■ **What to produce**: Starting with the line that holds "See Dane Christenson’s", repeat each line through the last one below, exactly. Pictures stay out.

■ **Data section**:
================================
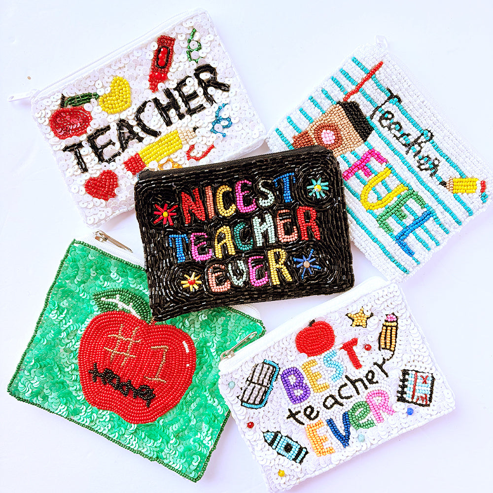Only the cutest little beaded coin bags for any teacher in your life. Available in three styles: Teacher Rainbow, Teacher Fuel, and Teach Love Inspire
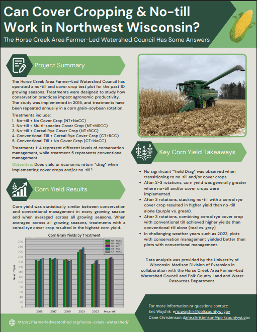 See Dane Christenson’s presentation slides on the test plot, here. In the fall of 2021, Dennis Busch of UW Platteville did an infiltration study on the plots. See his presentation on findings from Horse Creek and around the midwest here.
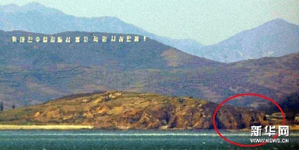 這是從韓國延坪島上拍攝的朝鮮一方海岸,標記部分為炮洞穴。新華社/聯合通訊社
================================
■ **Finished exercise**:
 See Dane Christenson’s presentation slides on the test plot, here. In the fall of 2021, Dennis Busch of UW Platteville did an infiltration study on the plots. See his presentation on findings from Horse Creek and around the midwest here.
 這是從韓國延坪島上拍攝的朝鮮一方海岸,標記部分為炮洞穴。新華社/聯合通訊社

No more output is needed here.